At Collective we are in programmatic advertisement business, it means that all our advertisement decisions (what ad to show, to whom and at what time) are driven by models. We do a lot of machine learning, build thousands predictive models and use them to make millions decision per second.

How do we get the most out of our data for predictive modeling?

Success of all Machine Learning algorithms depends on data that you put into it, the better the features you choose, the better the results you will achieve.

Feature Engineering is the process of using domain knowledge of the data to create features that make machine learning algorithms work better.

In Ad-Tech it’s finite pieces of information about users that we can put into our models, and it’s almost the same across all companies in industry, we don’t have access to any anonymous data like real name and age, interests on Facebook etc. It really matter how creative you are to get maximum from the data you have, and how fast you can iterate and test new idea.

In 2014 Collective data science team published Machine Learning at Scale paper that describes our approach and trade-offs for audience optimization. In 2015 we solve the same problems, but using new technologies (Spark and Spark MLLib) at even bigger scale.

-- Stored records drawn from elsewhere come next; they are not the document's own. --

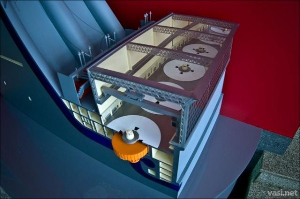 Крупнейшие производственные объединения СССР создавали для новых гидростанций новое супермощное оборудование. Так, все уникальное оборудование СШ ГЭС было изготовлено отечественными заводами: гидротурбины - производственным объединением турбостроения ?Ленинградский металлический завод?, гидрогенераторы - Ленинградским производственным электротехническим объединением ?Электросила?, трансформаторы - производственным объединением ?Запорожтрансформатор?. Рабочие колеса турбин были доставлены в верховья Енисея водным путем длиною почти в 10 000 километров, через Северный Ледовитый океан. Благодаря оригинальному техническому решению - установке на первых двух турбинах временных рабочих колес, способных работать при промежуточных напорах воды - появилась возможность до окончания строительно-монтажных работ начать эксплуатацию первой очереди станции. Благодаря этому народное хозяйство страны получило дополнительно 17 млрд. кВт-ч электроэнергии. Выработав к 1986 г. 80 млрд. кВт-ч, стройка полностью возвратила государству затраты, которые пошли на ее возведение. Саяно-Шушенская ГЭС стала верхней в каскаде енисейских гидроэлектростанций и одной из крупнейших в мире: установленная мощность - 6.4 млн. кВт и среднегодовая выработка - 22.8 млрд. кВт-час электроэнергии.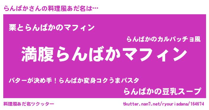 | 胡散臭い通販商品みたいなあだ名 | 『絶対に幸福をもたらす水素水…その名も「らんばか」』 |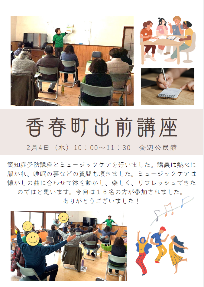 トップページ > お知らせ一覧 > お知らせ > 認知症医療センター > 「香春町出前講座」で金辺公民館に伺いました(認知症予防講座+ミュージックケア)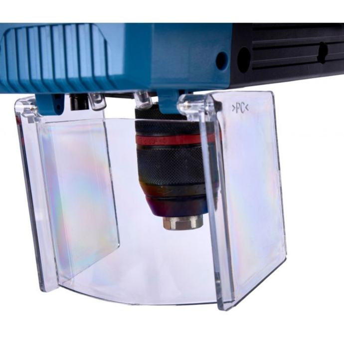 Bušilica je opremljena dvostrukim križnim laserom koji precizno pokazuje mjesto bušenja, kao i LED rasvjetom za poboljšanu vidljivost radnog područja. Elektronička upravljačka ploča s LCD zaslonom omogućuje praktično podešavanje brzine, kontrolu dubine bušenja i brzu aktivaciju lasera i rasvjete. Cijela jedinica izrađena je od izdržljivih i robusnih materijala, što osigurava dugi vijek trajanja.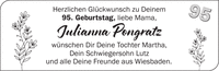 Herzlichen Glückwunsch zu Deinem 95. Geburtstag, liebe Mama, Julianna Pongratz wünschen Dir Deine Tochter Martha, Dein Schwiegersohn Lutz und alle Deine Freunde aus Wiesbaden. 95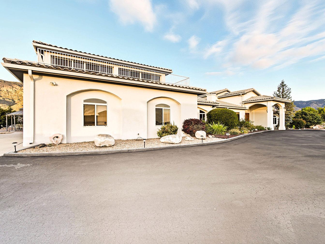 This exterior view showcases a modern American home, characterized by a clean, stucco façade in a soft beige hue. The structure features large, arched windows that allow ample natural light, flanked by tailored landscaping. Isolated rocks and low-maintenance shrubs offer a serene atmosphere, while a circular driveway leads visitors to the entrance. The roof is adorned with terracotta tiles, creating a warm contrast against the crisp lines of the architecture. A glimpse of a balcony hints at additional outdoor living space. The backdrop of gentle hills adds depth to the picturesque setting, creating an inviting ambiance.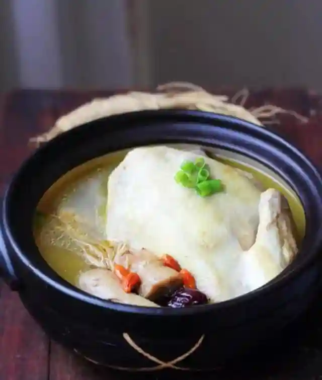 炖老鸡在锅内加二三十颗黄豆一起炖,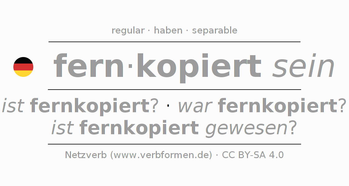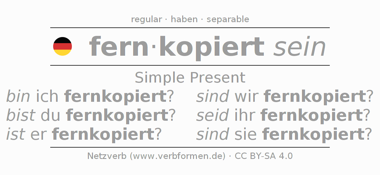 The conjugation of fernkopieren in Present Indicative Presence Statal Passive is bin ich fernkopiert?, bist du fernkopiert?, ist er fernkopiert?, sind wir fernkopiert?, seid ihr fernkopiert?, sind sie fernkopiert?.The conjugation corresponds to certain grammatical rules. Likewise the requirements for the conjugation of the simple verb forms of fernkopieren in Present. Comments ☆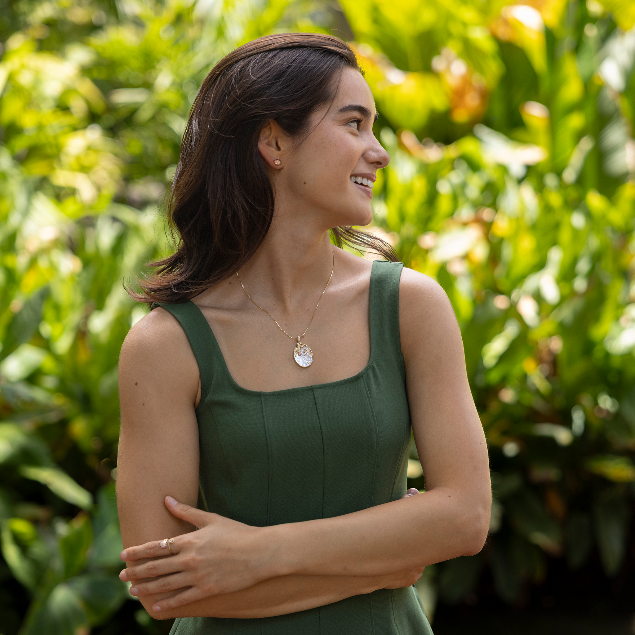 ʻŌhiʻa Lehua Waterfall Pendantは、卓越した芸術性が特徴です。虹色に輝くマザー・オブ・パールに刻まれた滝が、ʻʻŌhiʻa Lehuaの黄金色の葉と咲き誇る花々とともに、絵画のようなフレームを作り出しています。煌めくダイヤモンドをあしらった、息をのむような芸術品。

I want to show the tool that I built specifically to handle feature engineering/selection problem, and which is open sources now.

Model Matrix

Feature Transformation

Imagine impression log that is used to train predictive model

visitor_id  | ad_campaign     | ad_id | ad_ctr     | pub_site            | state | city         | price | timestamp     
----------- | --------------- | ----- | ---------- | ------------------- | ----- | ------------ | ----- | ------------- 
bob         | Nike_Sport      | 1     | 0.01       | http://bbc.com      | NY    | New York     | 0.17  | 1431032702135  
bill        | Burgers_Co      | 2     | 0.005      | http://cnn.com      | CA    | Los Angeles  | 0.42  | 1431032705167 
mary        | Macys           | 3     | 0.015      | http://fashion.com  | CA    | Los Angeles  | 0.19  | 1431032708384

Producing a feature vector for every visitor (cookie) row and every piece of information about a visitor as an p-size vector, where p is the number of predictor variables multiplied by cardinality of each variable (number of states in US, number of unique websites, etc …). It is impractical both from the data processing standpoint and because the resulting vector would only have about 1 in 100,000 non-zero elements.

 visitor_id  | Nike_Sport | Burgers_Co | Macys | NY  | CA  | ... 
 ----------- | ---------- | ---------- | ----- | --- | --- | --- 
 bob         | 1.0        |            |       | 1.0 |     | ... 
 bill        |            | 1.0        |       |     | 1.0 | ... 
 mary        |            |            | 1.0   |     | 1.0 | ...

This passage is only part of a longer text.